Mini ReviewAbbreviations: RCTs: Randomized Clinical Trials; PUFAs: Pentoxifylline And Polyunsaturated Fatty Acids; IBS: Irritable Bowel Syndrome
Mini Review
Ever since the 14th and 16th centuries, Chaucer and others used
the name “placebos” to describe the presumed fake procedures that
separated imagination from the reality of treatment and behavior
in clinical medical practice [1,2]. Placebos were conceptually
inert substances used by the end of the 18th century as controls in
science and medicine to study the efficacy of treatments intended
to make patients comfortable. However, the effects of placebos had
and has endured a tainted reputation that extends to the present
time [3-12]. Denouncement of placebos and their purported
effects has historically been connected to pseudoscience, religious
extremism since the 16th century, and claims of notoriety [1,2,4].
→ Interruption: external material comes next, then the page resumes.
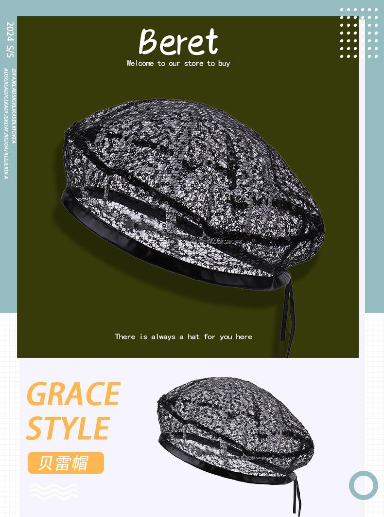 Boina de Lentejuelas de Encaje de Moda para Hombre y Mujer, Gorra de Pintor de Capullo Hueca Transpirable, Moda de Estilo Coreano, Sombrero de Moda Combinable

The popularity of placebo-controlled randomized clinical trials
(RCTs) has reinforced this reputation, although these trials rarely
included a third group receiving no treatment to serve as controls
for the natural history of patients and their capacity for healing (i.e.
spontaneous remission).
Today, the prior prejudicial concerns of inert or sham
administrations to patients in RCTs have been replaced with
growing evidence of the true capacity of placebo effects to achieve
healing responses. The terms “honest placebo” [8], “open-hidden
paradigm” [1] and “evidence -based practice“ rather than evidencebased
medicine [11] have be introduced, along with the opposite
“nocebo effect” which is believed to occur through anticipatory
anxiety mechanisms [1,2]. Further, placebo effects have been
shown to be inherent in clinical practice even when no placebo is
given [1]. This practice has been extended from human medicine
to veterinary medicine in laboratory animal and animal patient
settings for many years [2,3,5,6].
Proposed mechanisms involved in the placebo effects include:
Psychological Mechanisms
Psychological mechanisms that underly the placebo effects need to be compared to the expected sociological responses of group bonding and boundaries. Importantly, significant medical and veterinary practitioner effects are also seen [1,2]. When physicians and veterinary treaters believe that no treatment could be given, the observed placebo effects were much lessened.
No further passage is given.